U.S. Intellectual History Blog

“An American Tragedy in Which We All Have Played a Part”

Forty years ago today, on September 8, 1974, President Ford pardoned his predecessor Richard Nixon. As Rick Perlstein recalls in a piece published on Salon.com earlier today, it was a decision that was extraordinarily unpopular with both the media and the public at the time, but that has since become widely seen as one of Ford’s finest moments.[1] In 2001, the John F. Kennedy Presidential Library actually gave Ford a Profile in Courage Award for the pardon. Like Perlstein, I think the press and public got it right the first time.
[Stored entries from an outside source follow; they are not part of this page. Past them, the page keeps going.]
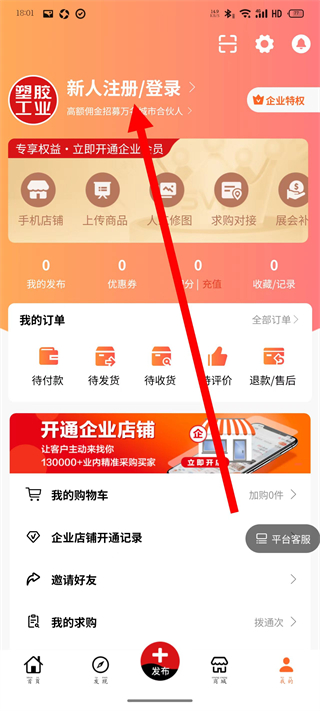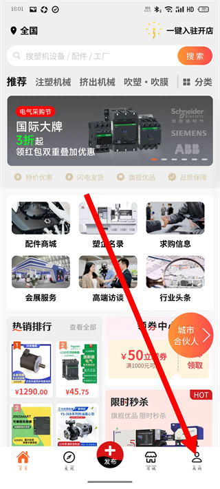 1、打开塑胶工业,点击页面底部的我的,进入个人页面。
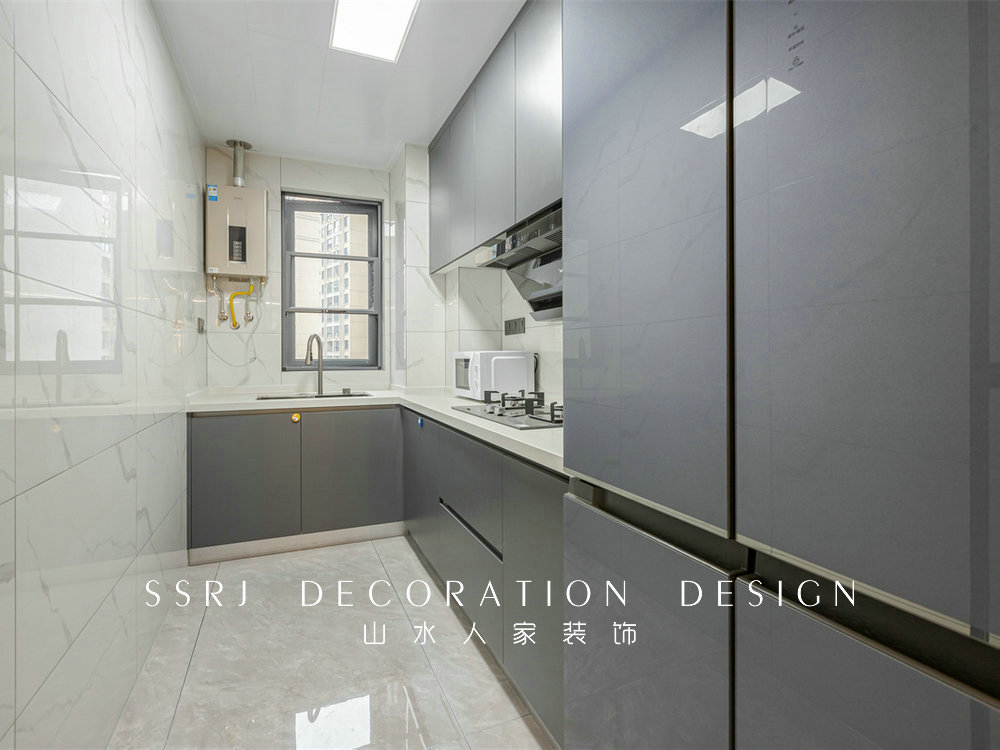 廚房以白色為基底布置,搭配魚(yú)肚白瓷磚,很少有壓抑感??臻g安裝充足櫥柜作為廚房收納,灰色柜門(mén)干凈高級(jí),整體留下了比較好的廚房印象。
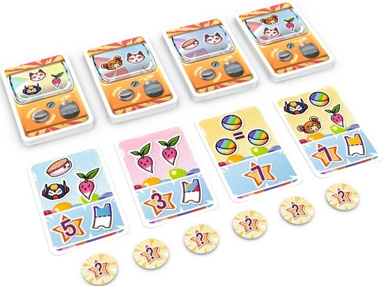 Wie kent die automaten met speeltjes in plastic ballen nou niet? Het is altijd spannend wat je zal krijgen. In Gasha beleef je die spanning in een gestroomlijnd verzamelspel dat leuk is voor jong en oud. Elke beurt trek je 2 kaarten. Op de achterkant van elke kaart zie je welke speeltjes je kunt krijgen. Kies de goede automaten en vorm van de speeltjes die je krijgt setjes die je kunt inwisselen voor punten en bonussen.

In the years since the pardon, Perlstein argues, our political elites have come to so overvalue the appearance of “comity” that “[a]ll it takes is the incantation of magic words like ‘stability’ and ‘confidence’ and ‘consensus’ in order to inure yourself from accountability for just about any malfeasance.” The Ford pardon stands as a monument to the false view that our country cannot afford to hold our politicians accountable.[2]

Ford’s statement announcing the pardon to the American people is a fascinating and odd document (a video of the statement can be seen here). His argument for the pardon is not particularly coherent. He seems most interested in getting the decision over with; the issue of what would happen to Nixon already threatened to dominate his month-old presidency. He repeatedly evokes God and the Constitution. He echoes Lincoln’s second inaugural address (“I have promised to uphold the Constitution, to do what is right as God gives me to see the right…”). He emphasizes his sense of responsibility and quotes Harry S. Truman (“the buck stops here”). He denies being influenced by his friendship to Richard Nixon, even while at times sounding as if his decision is based on pity for Nixon, whose “goal of peace” Ford even reaffirms in passing.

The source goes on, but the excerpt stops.